Du 1er au 4 mars 2023, le président français Emmanuel Macron a effectué une tournée en Afrique centrale pour tenter de renouer le contact entre l’Afrique et la France. Mal préparée par l’Élysée et le Quai d’Orsay, la tournée en Afrique du président Macron s’est soldée par de sévères embardées, pour ne pas dire plus, en particulier lors de l’étape à Kinshasa. Sans doute la fin de la relation privilégiée entre la France et l'Afrique francophone...
Visionnaire, le général de Gaulle, président de la République française, avait perçu dès 1958 tout le profit à tirer de la décolonisation. Libérée du fardeau hérité de la IIIe République, la France allait pouvoir renouer avec l’impérialisme « de velours » qui lui avait si bien réussi sous la Restauration et le Second Empire, de 1815 à 1870, quand, « bien que dépourvue d’empire colonial, elle était pourtant la deuxième puissance impériale du monde » (David Todd, Un empire de velours, La Découverte, 2022).
Dans ce but, il a inscrit dans la Constitution de la Ve République un éphémère Secrétariat général de la Communauté pour les affaires africaines et malgaches et l’a confié le 21 mars 1960 à Jacques Foccart, un fidèle d'entre les fidèles. Celui-ci allait devenir l'indispensable « Monsieur Afrique » de l’Élysée, usant de tous les moyens, séduction, corruption ou violence, pour maintenir les anciennes colonies du pré-carré dans le sillage de Paris.
Sous la présidence de Valéry Giscard d’Estaing, Foccart allait être remplacé à la cellule Afrique de l’Élysée par son adjoint René Journiac. François Mitterrand allait ensuite appeler Jean-Pierre Cot avant de le remplacer très vite par son propre fils Jean-Christophe Mitterrand (« Papamadit »). Mais pendant toutes ces années, Jacques Foccart allait demeurer le conseiller de l’ombre.
Cette « Françafrique » (dico) a donc été avec la dissuasion nucléaire et le siège permanent au Conseil de Sécurité de l'ONU l'un des trois piliers qui a permis à la France gaullienne de conserver longtemps un statut de grande puissance.
Elle aurait pu s'en tenir à une stratégie d'influence par le biais de la diplomatie et de la culture mais elle a été gâtée par l'affairisme et, ce qui est peut-être plus grave encore, par une « aide au développement » publique et caricative contre-productive...
L'impossible renoncement à la Françafrique
Le président François Mitterrand prétendit mettre fin à ce système d’influence hérité du général de Gaulle.

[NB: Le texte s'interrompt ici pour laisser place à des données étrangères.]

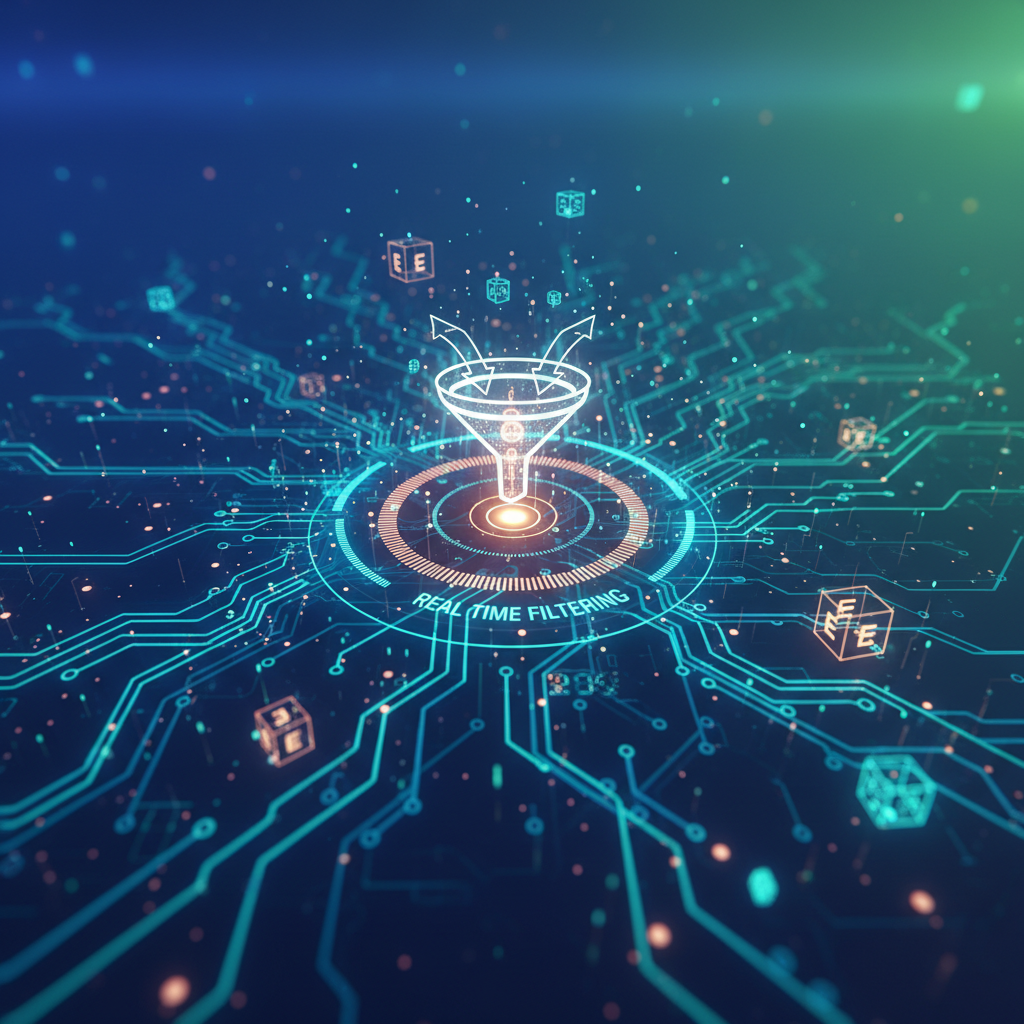 Alt text: Abstract photo showing AI processing email data streams in real time for email filtering.

Dans le même élan, il s'inscrivit dans la lignée de tous les dirigeants de la gauche républicaine depuis Jules Ferry en prétendant faire le bien des Africains et les « civiliser » (citation), qu’ils le veuillent ou pas. Ainsi déclara-t-il à ses hôtes africains, au sommet africain de la Baule, en juin 1989 : « La France liera tout son effort de contribution aux efforts qui seront accomplis pour aller vers plus de liberté »…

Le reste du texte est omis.